▸ **PROBLEM DETAILS**
Look through the entries below and copy exactly the part that begins with the line containing "Мой проект сингъл/недовършен, нямам" and ends with the line containing "值得注意的是,康尔生物持有商". Do not copy the pictures.

+++

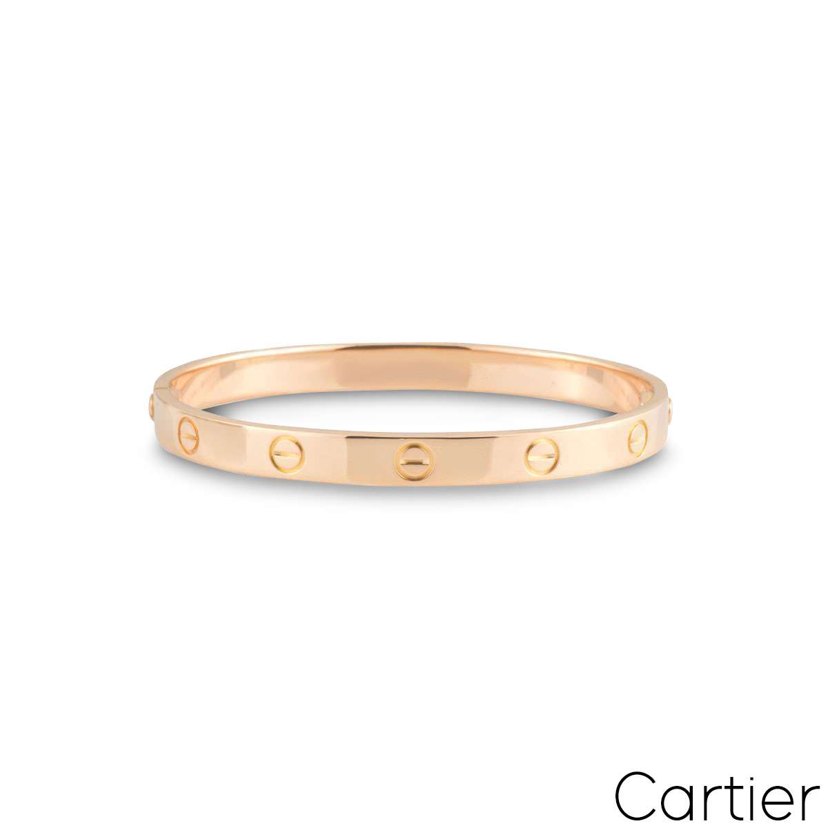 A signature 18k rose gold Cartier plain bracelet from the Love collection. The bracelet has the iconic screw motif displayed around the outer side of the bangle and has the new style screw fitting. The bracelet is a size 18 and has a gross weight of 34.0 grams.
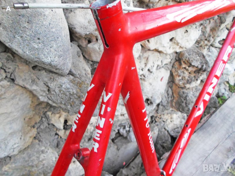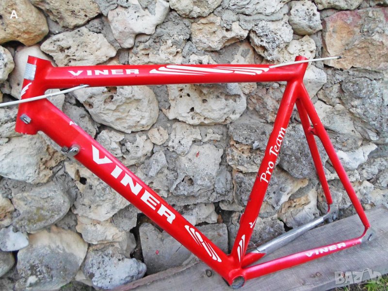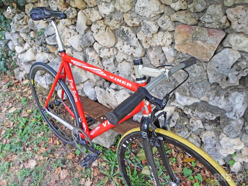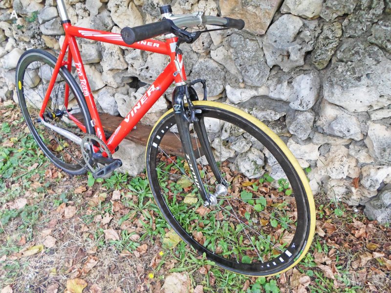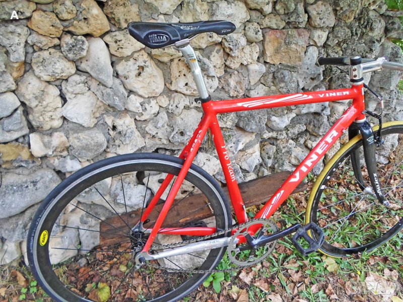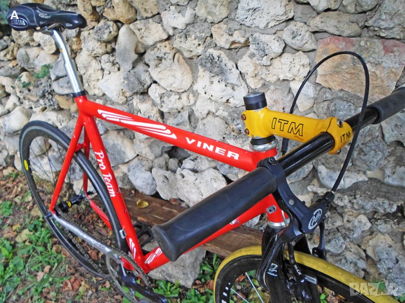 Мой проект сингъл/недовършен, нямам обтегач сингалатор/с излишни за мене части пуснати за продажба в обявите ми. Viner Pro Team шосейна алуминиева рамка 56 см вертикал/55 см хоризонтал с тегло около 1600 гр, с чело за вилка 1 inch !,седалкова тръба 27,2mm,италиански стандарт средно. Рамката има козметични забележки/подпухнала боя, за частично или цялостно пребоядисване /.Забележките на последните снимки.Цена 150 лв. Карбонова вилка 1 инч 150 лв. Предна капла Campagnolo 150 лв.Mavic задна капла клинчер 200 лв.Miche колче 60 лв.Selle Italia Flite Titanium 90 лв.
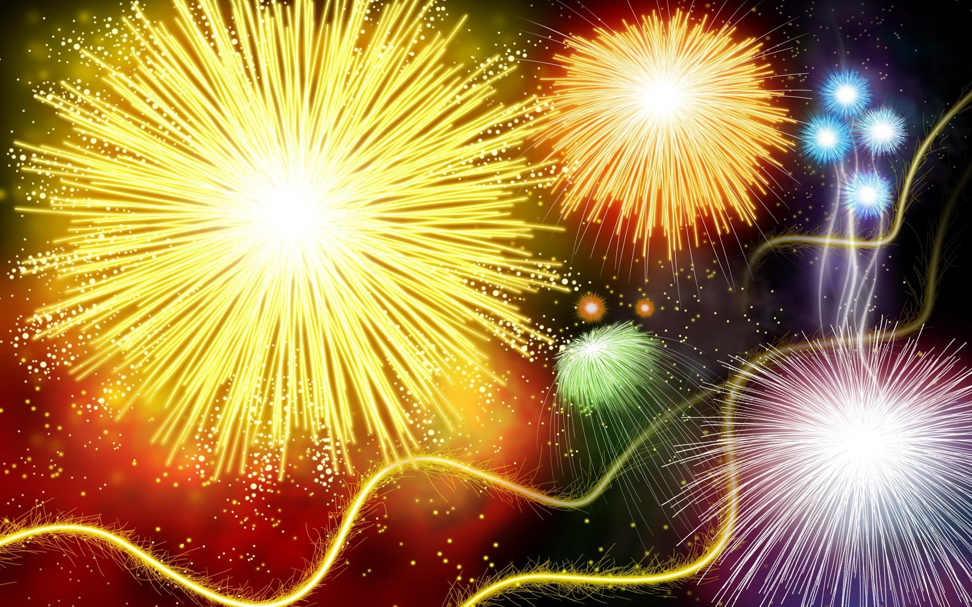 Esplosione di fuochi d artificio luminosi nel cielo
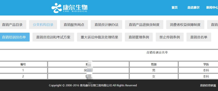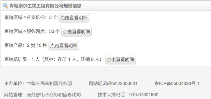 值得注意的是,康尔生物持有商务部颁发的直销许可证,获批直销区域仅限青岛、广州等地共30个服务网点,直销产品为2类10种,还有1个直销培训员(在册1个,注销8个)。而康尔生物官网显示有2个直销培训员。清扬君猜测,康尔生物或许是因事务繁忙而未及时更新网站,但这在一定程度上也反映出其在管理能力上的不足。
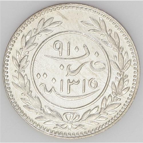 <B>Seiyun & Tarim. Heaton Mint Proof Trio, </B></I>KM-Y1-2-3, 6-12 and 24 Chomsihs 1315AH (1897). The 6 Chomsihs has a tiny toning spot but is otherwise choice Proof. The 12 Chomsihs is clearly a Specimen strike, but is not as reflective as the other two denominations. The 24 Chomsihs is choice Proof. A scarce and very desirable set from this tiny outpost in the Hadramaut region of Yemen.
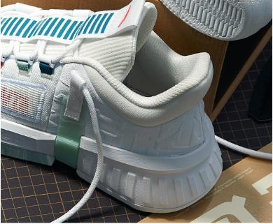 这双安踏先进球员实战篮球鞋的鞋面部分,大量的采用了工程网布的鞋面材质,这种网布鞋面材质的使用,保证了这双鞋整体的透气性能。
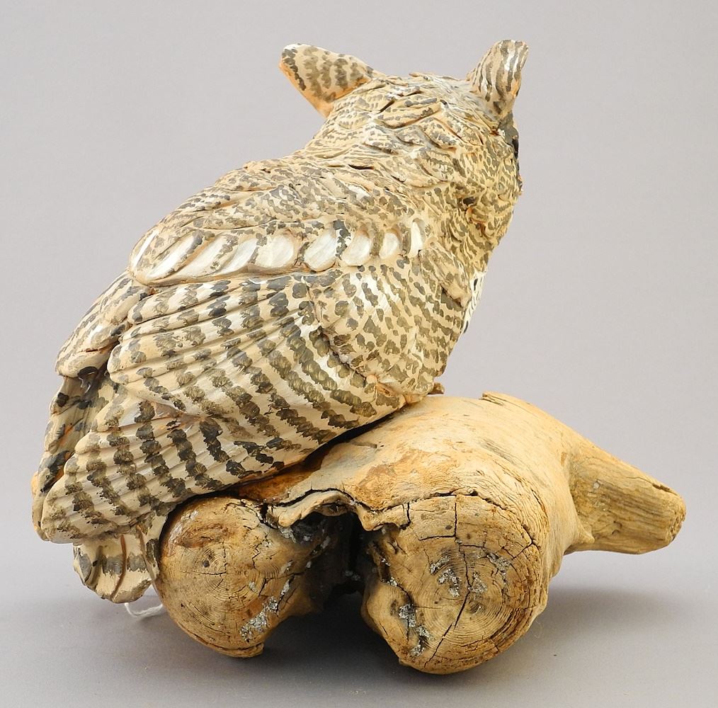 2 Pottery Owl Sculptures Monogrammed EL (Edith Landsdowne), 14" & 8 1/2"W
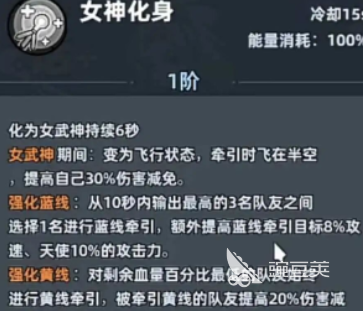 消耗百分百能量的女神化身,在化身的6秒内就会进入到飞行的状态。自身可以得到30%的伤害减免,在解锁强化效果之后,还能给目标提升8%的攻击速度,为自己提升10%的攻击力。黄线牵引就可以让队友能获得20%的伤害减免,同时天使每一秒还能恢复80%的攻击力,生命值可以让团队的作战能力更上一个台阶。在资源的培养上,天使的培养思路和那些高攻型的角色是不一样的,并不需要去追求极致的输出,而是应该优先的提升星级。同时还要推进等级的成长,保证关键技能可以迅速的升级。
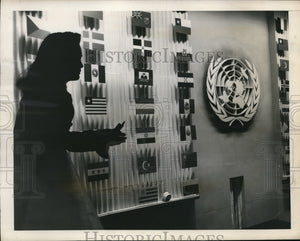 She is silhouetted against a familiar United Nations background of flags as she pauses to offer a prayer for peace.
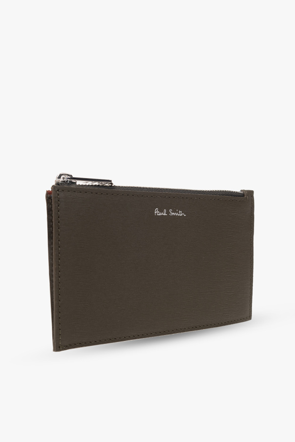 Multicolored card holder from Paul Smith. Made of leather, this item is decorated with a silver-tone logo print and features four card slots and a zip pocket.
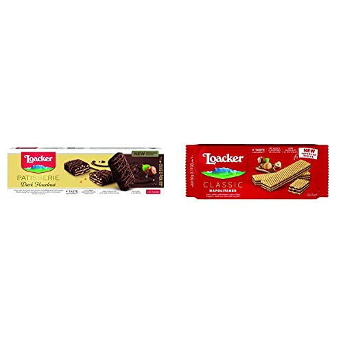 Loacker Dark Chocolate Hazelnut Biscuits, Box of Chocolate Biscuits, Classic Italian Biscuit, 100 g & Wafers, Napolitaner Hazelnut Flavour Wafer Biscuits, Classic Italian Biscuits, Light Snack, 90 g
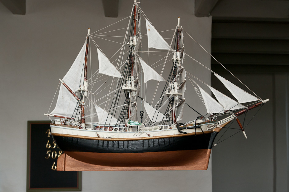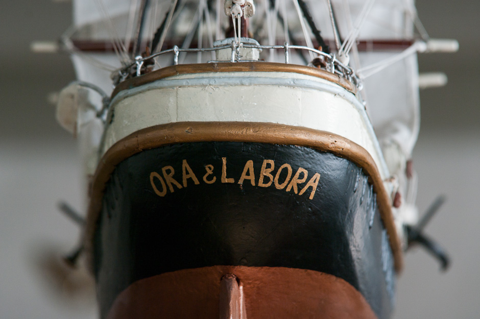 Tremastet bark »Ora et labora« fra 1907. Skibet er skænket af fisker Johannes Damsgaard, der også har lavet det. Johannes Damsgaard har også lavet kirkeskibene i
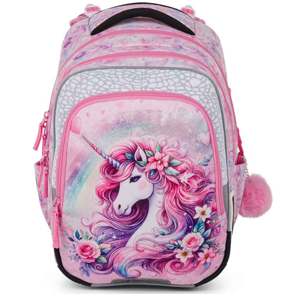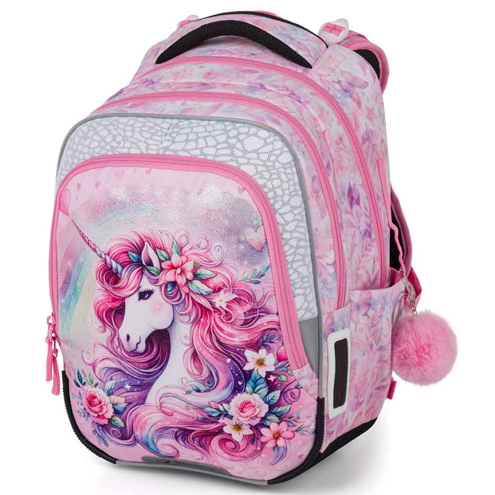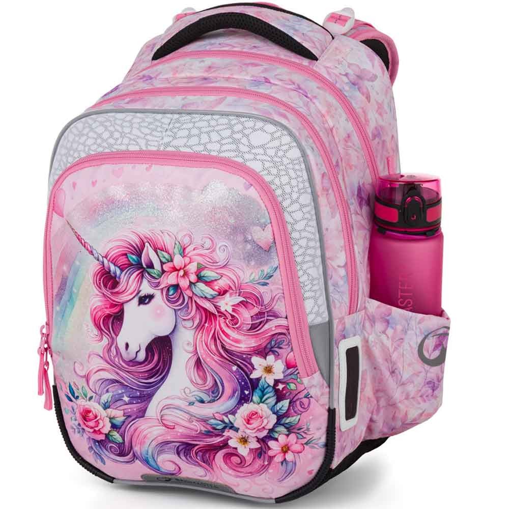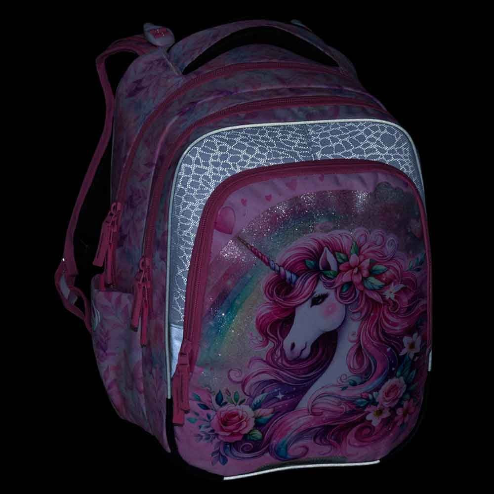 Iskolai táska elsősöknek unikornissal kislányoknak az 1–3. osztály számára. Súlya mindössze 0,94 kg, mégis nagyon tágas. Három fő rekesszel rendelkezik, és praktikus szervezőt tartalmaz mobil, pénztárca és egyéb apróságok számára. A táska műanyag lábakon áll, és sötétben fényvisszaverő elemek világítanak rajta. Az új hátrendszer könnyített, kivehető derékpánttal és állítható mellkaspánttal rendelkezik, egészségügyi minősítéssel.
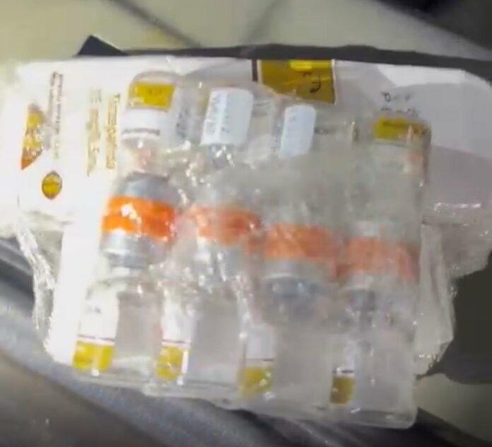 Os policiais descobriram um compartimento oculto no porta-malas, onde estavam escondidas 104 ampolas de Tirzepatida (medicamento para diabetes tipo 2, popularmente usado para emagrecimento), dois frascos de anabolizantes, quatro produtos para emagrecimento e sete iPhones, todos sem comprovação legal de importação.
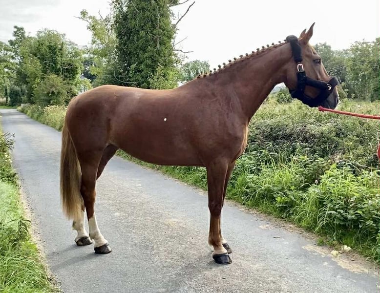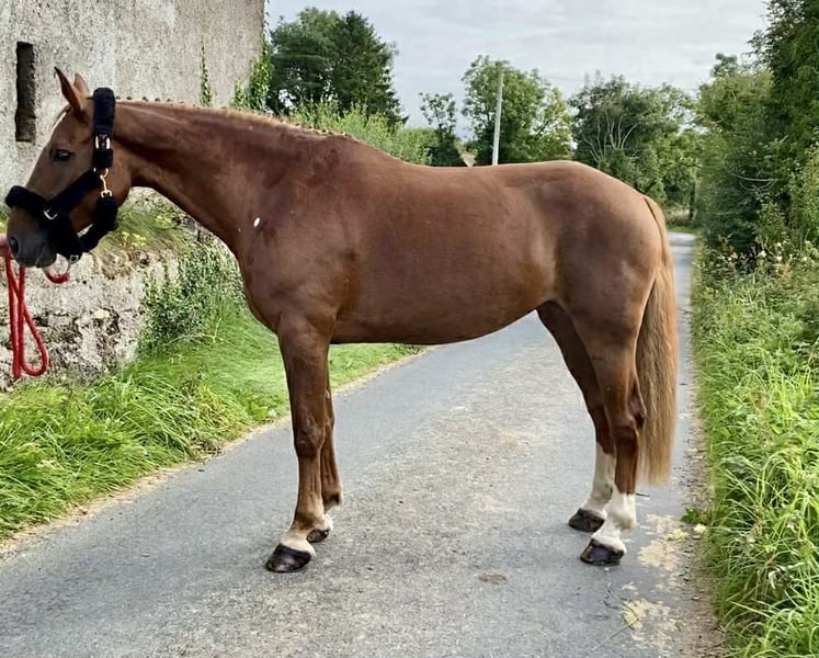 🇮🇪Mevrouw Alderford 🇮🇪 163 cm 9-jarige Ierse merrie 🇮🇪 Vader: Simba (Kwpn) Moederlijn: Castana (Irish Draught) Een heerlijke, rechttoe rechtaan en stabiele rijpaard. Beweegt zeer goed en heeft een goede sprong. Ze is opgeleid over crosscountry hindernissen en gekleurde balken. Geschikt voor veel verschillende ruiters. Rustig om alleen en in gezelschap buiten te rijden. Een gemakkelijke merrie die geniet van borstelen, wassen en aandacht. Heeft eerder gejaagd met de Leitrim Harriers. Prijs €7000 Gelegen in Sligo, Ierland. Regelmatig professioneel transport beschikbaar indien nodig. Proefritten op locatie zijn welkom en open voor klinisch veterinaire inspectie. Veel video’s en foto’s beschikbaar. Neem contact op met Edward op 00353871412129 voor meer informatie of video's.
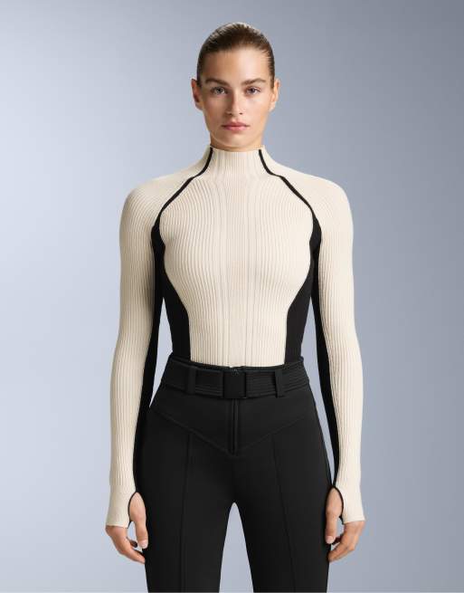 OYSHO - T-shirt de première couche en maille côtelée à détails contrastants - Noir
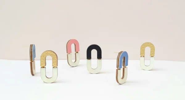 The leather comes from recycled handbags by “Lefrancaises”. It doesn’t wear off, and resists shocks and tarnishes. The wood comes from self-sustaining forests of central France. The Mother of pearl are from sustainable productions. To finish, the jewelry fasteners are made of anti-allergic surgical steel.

+++

▸ **COMPLETED TASK**
 Мой проект сингъл/недовършен, нямам обтегач сингалатор/с излишни за мене части пуснати за продажба в обявите ми. Viner Pro Team шосейна алуминиева рамка 56 см вертикал/55 см хоризонтал с тегло около 1600 гр, с чело за вилка 1 inch !,седалкова тръба 27,2mm,италиански стандарт средно. Рамката има козметични забележки/подпухнала боя, за частично или цялостно пребоядисване /.Забележките на последните снимки.Цена 150 лв. Карбонова вилка 1 инч 150 лв. Предна капла Campagnolo 150 лв.Mavic задна капла клинчер 200 лв.Miche колче 60 лв.Selle Italia Flite Titanium 90 лв.
 Esplosione di fuochi d artificio luminosi nel cielo
 值得注意的是,康尔生物持有商务部颁发的直销许可证,获批直销区域仅限青岛、广州等地共30个服务网点,直销产品为2类10种,还有1个直销培训员(在册1个,注销8个)。而康尔生物官网显示有2个直销培训员。清扬君猜测,康尔生物或许是因事务繁忙而未及时更新网站,但这在一定程度上也反映出其在管理能力上的不足。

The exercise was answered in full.